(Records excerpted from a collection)
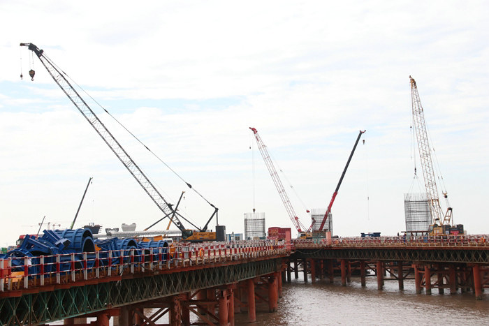 為了員工的安全,27日上午,公司副總工程師兼杭甬項目負(fù)責(zé)人黃偉帶領(lǐng)有關(guān)人員對濱海高架橋和濱?;ネㄗ屑?xì)檢查一遍,確認(rèn)具備復(fù)工條件。下午2點多,組織各施工隊伍進場,棧橋、樁基、承臺、墩身、鋼筋籠加工等各工序作業(yè)全面恢復(fù)。
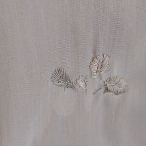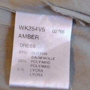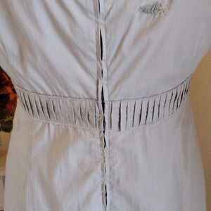 Soft taupe oatmeal color in a handkerchief weight cotton. Fully lined. Back zip. The fit and flare shape is crisp and flattering. The waistband is finely pleated finished with a raw edge. A small flaw in the fabric is pictured , but doesn't detract. The hem is also a raw edge. Size 6 measures 38 at chest, 30 at waist, 40 at hips. 41 long from shoulder to hem. A perfect dress for warm weather. Have fun accessorizing this one.
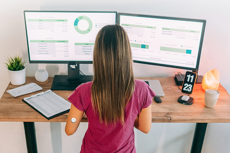 A CGM is a sensor placed just under the skin, usually on the arm or abdomen, that continuously measures glucose levels. The data is sent wirelessly to a smartphone, receiver or insulin pump. This allows users to see how their glucose levels change throughout the day — including during meals, exercise, stress and sleep.
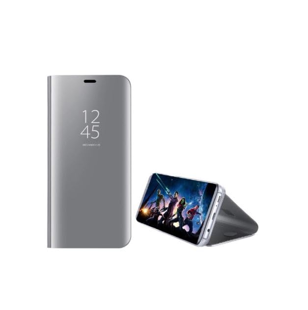 Generic - جراب فليب شفاف بحماية كاملة بدون مستشعر لموبايل سامسونج جالاكسي A14 الجيل الرابع 4G - فضي، بلاستيك
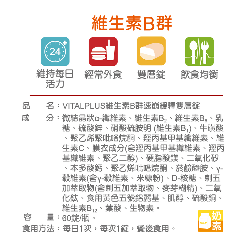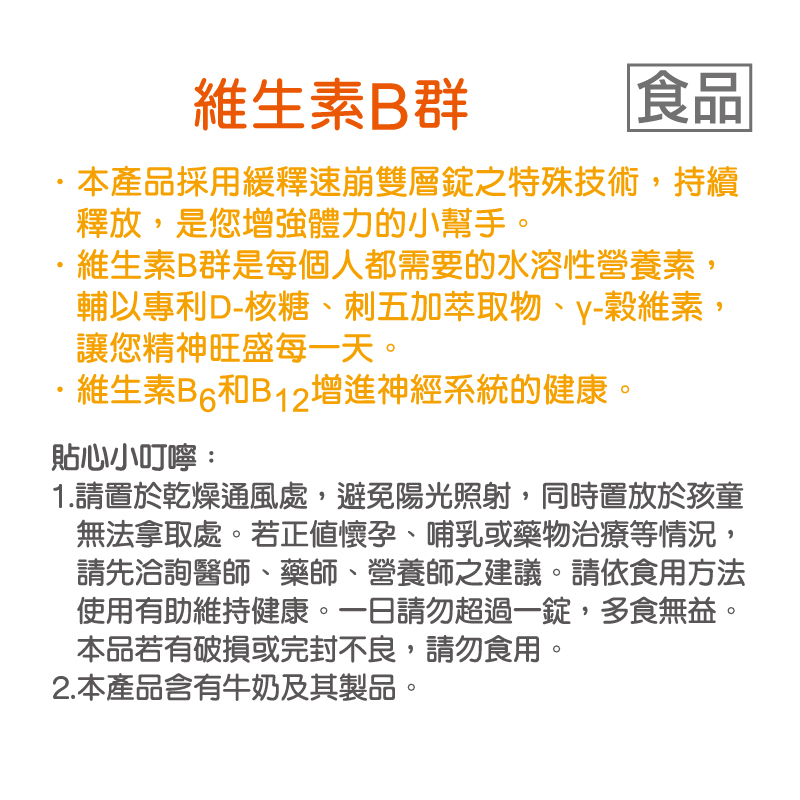 ✔本產品採用緩釋速崩雙層錠之特殊技術 ✔持續釋放,是您增強體力的小幫手 ✔維生素B群是每個人都需要的水溶性營養素 ✔輔以專利D-核糖、刺五加萃取物、γ-穀維素,讓您精神旺盛每一天 ✔維生素B6和B12增進神經系統的健康 ✔本品若有破損或完封不良,請勿食用。
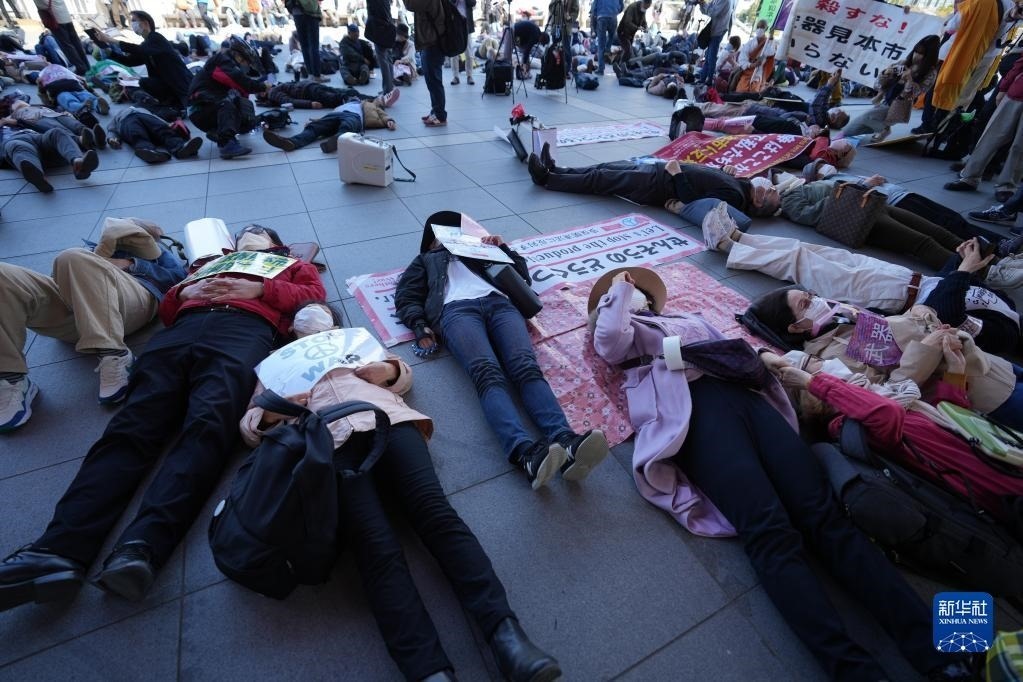 當(dāng)日,300多名民眾聚集在會展中心門前,高喊“拒絕為戰(zhàn)爭準(zhǔn)備”“拒絕死亡商人”“反對戰(zhàn)爭”等口號強烈抗議日本強化武器交易??棺h演講之后,民眾還集體倒地,以行為語言以示抗議。
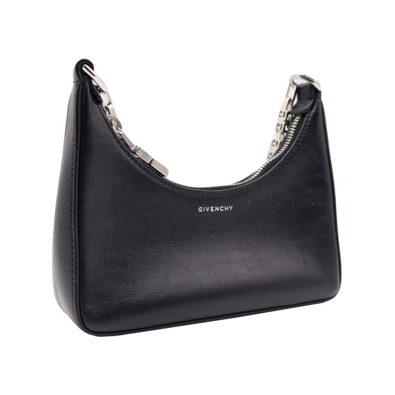GIVENCHY BLACK LEATHER MINI MOON CUTOUT SHOULDER BAG Exterior Material: Leather With Silver-Tone Hardware, Single Top Handle, Top Zip Closure And A Shoulder Strap.Interior Material: Leather Lining With A Main Compartment.Length: 19CmHeight: 8CmDepth: 5CmHandle Drop: 19CmStrap Drop: 40Cm DetachableAdditional Condition Report- Minor Sign Of Wear And Tears On Exterior- Minor Scuffs On Exterior Corners- Minor Wear In Interior- Sign Of Wear And Scratches On HardwareComes With- Original Dustbag- A Detachable Strap- Proof Of PurchaseAccompanied By Certificate Of Authenticity Condition: Good - Refer Images 0163034+26
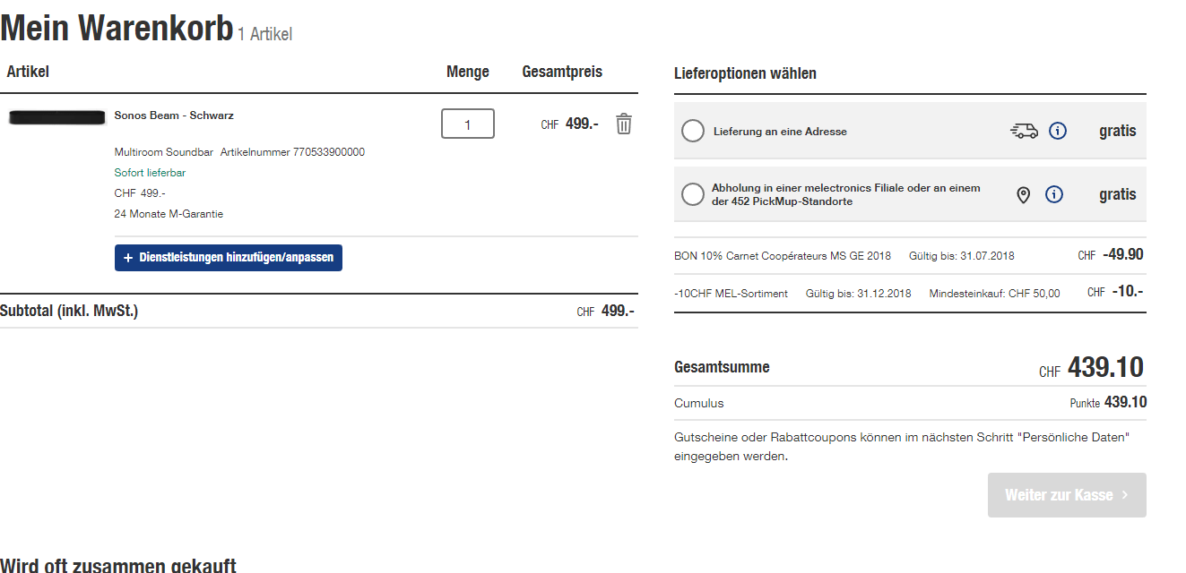 oder direkt bei sonos bestellen...habe dort 411CHF bezahlt. Ist wahrscheinlich ein Bug im System. Erst ein Land wie Slowakei beim Versand wählen und dann die Schweiz..und schwupps..keine Mehrwertsteuer und auch keine Versandkosten. Hat bei meinen Sonos One und jetzt auch beim Beam wunderbar geklappt. :-)
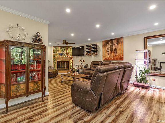 The home features a spacious open-concept layout with a sun-filled living room, fireplace, and double doors leading to a private patio—perfect for entertaining or relaxing. The gourmet kitchen is fully updated with custom cabinetry, quartz countertops, high-end stainless steel appliances, and a large island ideal for casual dining.
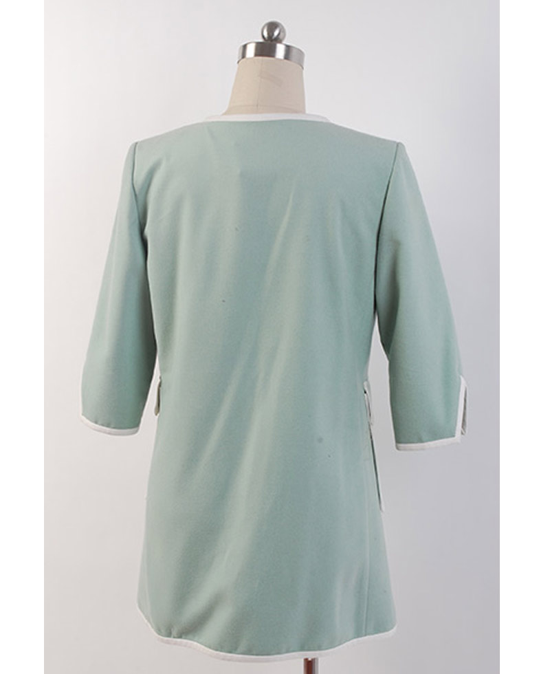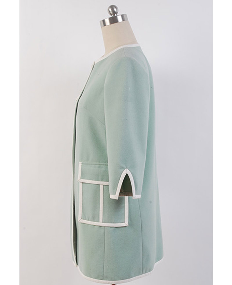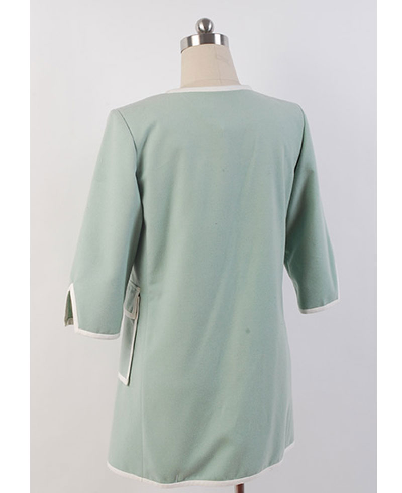 Gwen Stacy Coat is an attractive choice for an attractive personality. This amazing jacket is made from pure cotton. The very fine material is used in the Gwen Stacy Green Jacket. It has the unique three quarter cuffs cut in A shape and to make it more beautiful, white pining is given. Stacy green coat has the front button closure along with large two white piping flap pockets. The fantastic green color that makes you fantastically pretty . Collarless design styled with white piping.

EXERCISE DETAILS:
Reproduce every line above word for word; no images.

EXERCISE ANSWER:
 為了員工的安全,27日上午,公司副總工程師兼杭甬項目負(fù)責(zé)人黃偉帶領(lǐng)有關(guān)人員對濱海高架橋和濱?;ネㄗ屑?xì)檢查一遍,確認(rèn)具備復(fù)工條件。下午2點多,組織各施工隊伍進場,棧橋、樁基、承臺、墩身、鋼筋籠加工等各工序作業(yè)全面恢復(fù)。
 Soft taupe oatmeal color in a handkerchief weight cotton. Fully lined. Back zip. The fit and flare shape is crisp and flattering. The waistband is finely pleated finished with a raw edge. A small flaw in the fabric is pictured , but doesn't detract. The hem is also a raw edge. Size 6 measures 38 at chest, 30 at waist, 40 at hips. 41 long from shoulder to hem. A perfect dress for warm weather. Have fun accessorizing this one.
 A CGM is a sensor placed just under the skin, usually on the arm or abdomen, that continuously measures glucose levels. The data is sent wirelessly to a smartphone, receiver or insulin pump. This allows users to see how their glucose levels change throughout the day — including during meals, exercise, stress and sleep.
 Generic - جراب فليب شفاف بحماية كاملة بدون مستشعر لموبايل سامسونج جالاكسي A14 الجيل الرابع 4G - فضي، بلاستيك
 ✔本產品採用緩釋速崩雙層錠之特殊技術 ✔持續釋放,是您增強體力的小幫手 ✔維生素B群是每個人都需要的水溶性營養素 ✔輔以專利D-核糖、刺五加萃取物、γ-穀維素,讓您精神旺盛每一天 ✔維生素B6和B12增進神經系統的健康 ✔本品若有破損或完封不良,請勿食用。
 當(dāng)日,300多名民眾聚集在會展中心門前,高喊“拒絕為戰(zhàn)爭準(zhǔn)備”“拒絕死亡商人”“反對戰(zhàn)爭”等口號強烈抗議日本強化武器交易??棺h演講之后,民眾還集體倒地,以行為語言以示抗議。
GIVENCHY BLACK LEATHER MINI MOON CUTOUT SHOULDER BAG Exterior Material: Leather With Silver-Tone Hardware, Single Top Handle, Top Zip Closure And A Shoulder Strap.Interior Material: Leather Lining With A Main Compartment.Length: 19CmHeight: 8CmDepth: 5CmHandle Drop: 19CmStrap Drop: 40Cm DetachableAdditional Condition Report- Minor Sign Of Wear And Tears On Exterior- Minor Scuffs On Exterior Corners- Minor Wear In Interior- Sign Of Wear And Scratches On HardwareComes With- Original Dustbag- A Detachable Strap- Proof Of PurchaseAccompanied By Certificate Of Authenticity Condition: Good - Refer Images 0163034+26
 oder direkt bei sonos bestellen...habe dort 411CHF bezahlt. Ist wahrscheinlich ein Bug im System. Erst ein Land wie Slowakei beim Versand wählen und dann die Schweiz..und schwupps..keine Mehrwertsteuer und auch keine Versandkosten. Hat bei meinen Sonos One und jetzt auch beim Beam wunderbar geklappt. :-)
 The home features a spacious open-concept layout with a sun-filled living room, fireplace, and double doors leading to a private patio—perfect for entertaining or relaxing. The gourmet kitchen is fully updated with custom cabinetry, quartz countertops, high-end stainless steel appliances, and a large island ideal for casual dining.
 Gwen Stacy Coat is an attractive choice for an attractive personality. This amazing jacket is made from pure cotton. The very fine material is used in the Gwen Stacy Green Jacket. It has the unique three quarter cuffs cut in A shape and to make it more beautiful, white pining is given. Stacy green coat has the front button closure along with large two white piping flap pockets. The fantastic green color that makes you fantastically pretty . Collarless design styled with white piping.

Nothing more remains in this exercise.